Oceanographer
Melting at Thwaites Grounding Zone and its Control on Sea Level
International Thwaites Glacier Collaboration - MELT
- Start date:
- 1 June, 2018
- End date:
- 1 June, 2023
MELT is an ice-based project that will use autonomous sensors to monitor the ice column and ocean beneath the ice shelf in the critical area of the grounding line (the point where the glacier goes afloat to become ice shelf). The project will also use repeated airborne radar flights to study the way the ice flows in this area, and seismic surveys to study the ocean floor beneath the ice shelf.
Hot water drilling will be used to make three access holes through the glacier to allow measurements to be made within the ice column and in the underlying water.
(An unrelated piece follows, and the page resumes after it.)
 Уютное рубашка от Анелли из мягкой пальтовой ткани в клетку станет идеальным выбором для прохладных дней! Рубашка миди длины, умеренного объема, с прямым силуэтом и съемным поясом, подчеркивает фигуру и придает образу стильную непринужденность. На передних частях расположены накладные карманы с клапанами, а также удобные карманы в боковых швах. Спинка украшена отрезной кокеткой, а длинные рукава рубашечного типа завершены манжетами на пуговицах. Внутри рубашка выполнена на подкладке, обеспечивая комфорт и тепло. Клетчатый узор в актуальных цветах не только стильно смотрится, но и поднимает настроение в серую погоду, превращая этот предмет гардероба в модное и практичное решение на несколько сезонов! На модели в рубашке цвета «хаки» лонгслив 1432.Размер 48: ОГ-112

Icefin, a state-of-the-art remotely-operated vehicle containing instruments such as conductivity-temperature-depth (CTD) sensors, an acoustic Doppler current profiler, a camera, a dissolved oxygen sensor and a multi-beam echosounder will be deployed via the boreholes to examine the waters beneath the ice shelf. Ocean moorings will be used to monitor the ocean conditions for a year or more and ground-based phase-sensitive radar (ApRES) will monitor the basal melt rate.
At present, the influence of these warm waters is not well understood, especially in the key area of the grounding line, and quantifying how ocean conditions affect the melt rate of Thwaites Glacier’s ice shelf will allow the glacier’s potential sea-level contribution to be more accurately predicted.
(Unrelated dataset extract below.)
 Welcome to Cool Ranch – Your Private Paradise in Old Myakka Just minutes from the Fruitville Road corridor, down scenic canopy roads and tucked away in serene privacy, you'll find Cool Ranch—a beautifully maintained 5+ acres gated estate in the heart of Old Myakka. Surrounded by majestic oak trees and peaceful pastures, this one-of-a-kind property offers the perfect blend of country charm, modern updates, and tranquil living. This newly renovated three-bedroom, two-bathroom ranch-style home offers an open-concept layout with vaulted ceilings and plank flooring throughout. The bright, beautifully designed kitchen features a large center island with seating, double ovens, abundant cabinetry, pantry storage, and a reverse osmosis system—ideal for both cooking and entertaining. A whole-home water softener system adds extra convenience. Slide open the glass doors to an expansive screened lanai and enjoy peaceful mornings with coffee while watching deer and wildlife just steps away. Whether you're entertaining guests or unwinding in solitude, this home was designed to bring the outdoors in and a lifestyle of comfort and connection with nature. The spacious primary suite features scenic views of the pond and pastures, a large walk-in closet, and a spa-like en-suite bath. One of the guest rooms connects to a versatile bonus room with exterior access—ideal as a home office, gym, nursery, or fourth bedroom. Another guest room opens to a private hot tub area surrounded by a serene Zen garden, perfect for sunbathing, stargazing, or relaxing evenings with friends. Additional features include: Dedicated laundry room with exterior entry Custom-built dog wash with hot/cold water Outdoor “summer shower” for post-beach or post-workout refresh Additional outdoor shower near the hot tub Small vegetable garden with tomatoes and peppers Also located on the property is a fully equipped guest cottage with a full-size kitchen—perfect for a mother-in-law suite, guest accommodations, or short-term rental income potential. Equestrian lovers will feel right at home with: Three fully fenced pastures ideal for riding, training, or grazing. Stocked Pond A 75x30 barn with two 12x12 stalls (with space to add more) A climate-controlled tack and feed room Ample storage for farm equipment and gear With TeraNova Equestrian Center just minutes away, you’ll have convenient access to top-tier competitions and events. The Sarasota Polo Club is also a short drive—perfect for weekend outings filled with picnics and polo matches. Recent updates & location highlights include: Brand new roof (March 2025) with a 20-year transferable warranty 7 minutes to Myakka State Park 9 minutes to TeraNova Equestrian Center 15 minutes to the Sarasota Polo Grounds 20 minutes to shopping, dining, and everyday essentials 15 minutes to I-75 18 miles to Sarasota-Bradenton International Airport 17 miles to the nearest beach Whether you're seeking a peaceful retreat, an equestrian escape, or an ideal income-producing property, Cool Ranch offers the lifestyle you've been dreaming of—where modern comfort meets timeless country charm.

The main objective of the proposed study is to quantify how the contribution of Thwaites Glacier to sea-level rise depends on the oceanographic conditions near the glacier.
To achieve this, the team will:
- Collect observations of the rate of ocean-driven melting of Thwaites Glacier using ApRES, together with the ocean conditions beneath the ice using instruments such as Icefin.
- Collect data on the flow of the ice near the grounding line using airborne radar.
- Determine the landscape beneath the ice shelf using seismic surveys.
Results from this project will be used to help numerical models more accurately predict the contribution of the Thwaites Glacier to future sea-level rise.